> [TASK STATEMENT] Take the lines in the listing below from the line with "It can accommodate" up to and including the line with "4、升级后出现升级奖金界面,可选择点击【" and set them down exactly, skipping pictures and adding nothing.

> [PROVIDED DATA]
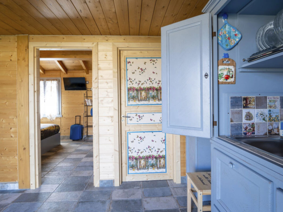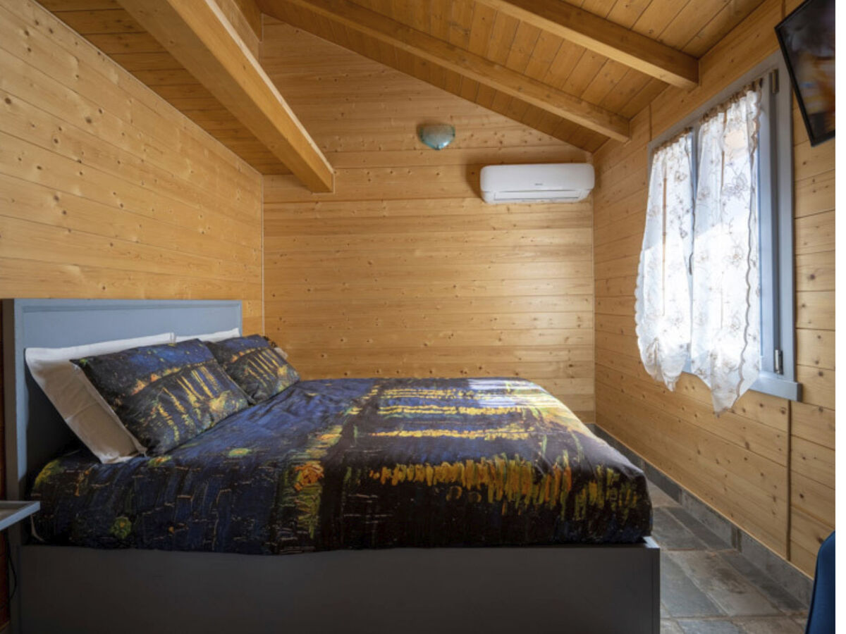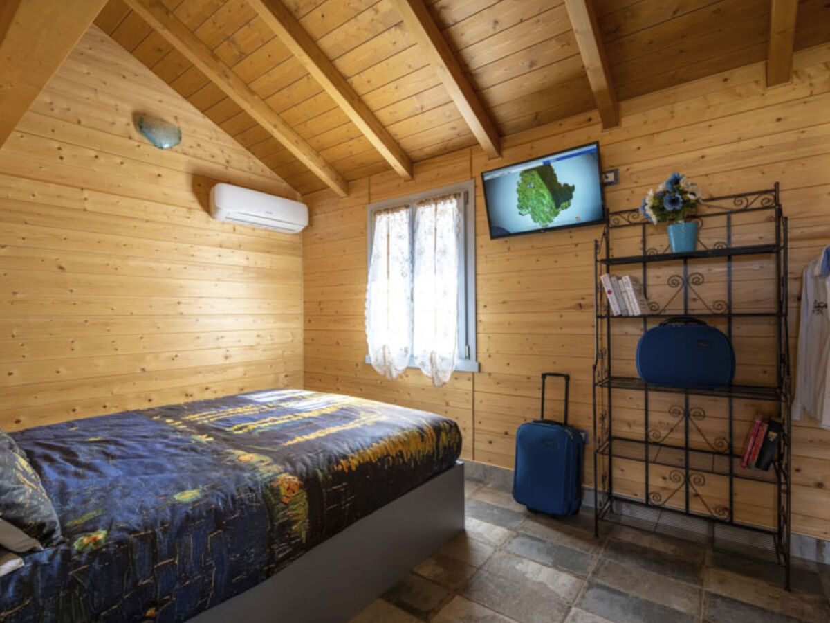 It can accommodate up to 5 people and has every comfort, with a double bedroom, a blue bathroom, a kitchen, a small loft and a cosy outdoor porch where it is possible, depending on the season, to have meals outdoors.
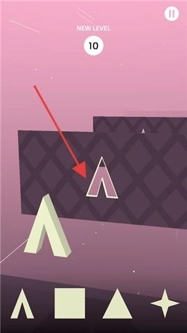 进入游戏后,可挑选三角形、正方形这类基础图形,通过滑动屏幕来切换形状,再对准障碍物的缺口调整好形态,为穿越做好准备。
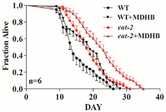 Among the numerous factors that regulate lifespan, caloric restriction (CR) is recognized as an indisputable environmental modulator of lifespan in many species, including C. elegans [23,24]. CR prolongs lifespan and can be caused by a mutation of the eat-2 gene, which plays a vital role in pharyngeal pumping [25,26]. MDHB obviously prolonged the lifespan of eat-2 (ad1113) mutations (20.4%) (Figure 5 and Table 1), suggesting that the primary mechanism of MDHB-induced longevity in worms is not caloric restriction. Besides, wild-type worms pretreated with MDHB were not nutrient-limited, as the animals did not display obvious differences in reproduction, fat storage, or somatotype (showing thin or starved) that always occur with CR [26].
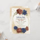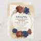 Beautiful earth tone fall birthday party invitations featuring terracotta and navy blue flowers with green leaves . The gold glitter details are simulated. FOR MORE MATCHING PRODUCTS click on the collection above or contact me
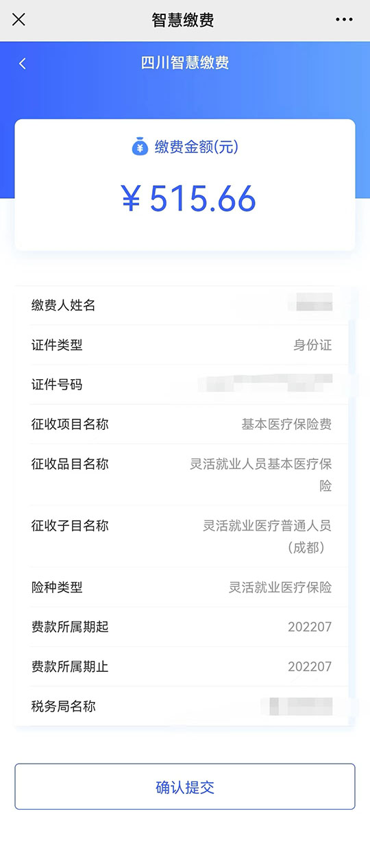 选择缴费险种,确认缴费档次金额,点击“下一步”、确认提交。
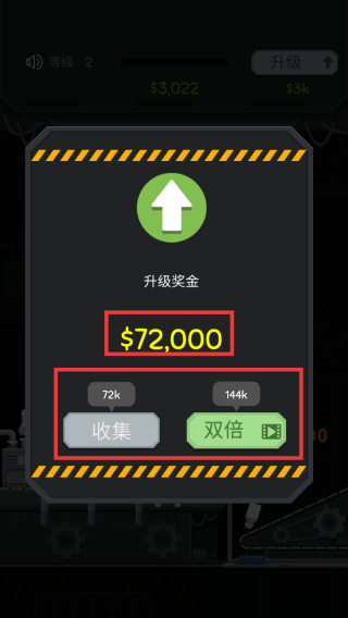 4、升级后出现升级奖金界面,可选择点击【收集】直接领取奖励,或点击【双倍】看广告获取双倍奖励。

* * *

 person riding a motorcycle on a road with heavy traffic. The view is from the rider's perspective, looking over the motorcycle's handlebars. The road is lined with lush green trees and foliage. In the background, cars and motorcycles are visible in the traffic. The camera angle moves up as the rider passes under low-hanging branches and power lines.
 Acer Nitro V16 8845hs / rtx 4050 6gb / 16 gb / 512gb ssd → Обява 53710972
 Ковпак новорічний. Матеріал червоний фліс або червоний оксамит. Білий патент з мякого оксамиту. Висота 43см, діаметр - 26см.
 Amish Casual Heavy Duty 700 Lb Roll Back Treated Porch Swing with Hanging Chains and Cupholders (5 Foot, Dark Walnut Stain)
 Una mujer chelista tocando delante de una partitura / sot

> [FINISHED EXERCISE]
 It can accommodate up to 5 people and has every comfort, with a double bedroom, a blue bathroom, a kitchen, a small loft and a cosy outdoor porch where it is possible, depending on the season, to have meals outdoors.
 进入游戏后,可挑选三角形、正方形这类基础图形,通过滑动屏幕来切换形状,再对准障碍物的缺口调整好形态,为穿越做好准备。
 Among the numerous factors that regulate lifespan, caloric restriction (CR) is recognized as an indisputable environmental modulator of lifespan in many species, including C. elegans [23,24]. CR prolongs lifespan and can be caused by a mutation of the eat-2 gene, which plays a vital role in pharyngeal pumping [25,26]. MDHB obviously prolonged the lifespan of eat-2 (ad1113) mutations (20.4%) (Figure 5 and Table 1), suggesting that the primary mechanism of MDHB-induced longevity in worms is not caloric restriction. Besides, wild-type worms pretreated with MDHB were not nutrient-limited, as the animals did not display obvious differences in reproduction, fat storage, or somatotype (showing thin or starved) that always occur with CR [26].
 Beautiful earth tone fall birthday party invitations featuring terracotta and navy blue flowers with green leaves . The gold glitter details are simulated. FOR MORE MATCHING PRODUCTS click on the collection above or contact me
 选择缴费险种,确认缴费档次金额,点击“下一步”、确认提交。
 4、升级后出现升级奖金界面,可选择点击【收集】直接领取奖励,或点击【双倍】看广告获取双倍奖励。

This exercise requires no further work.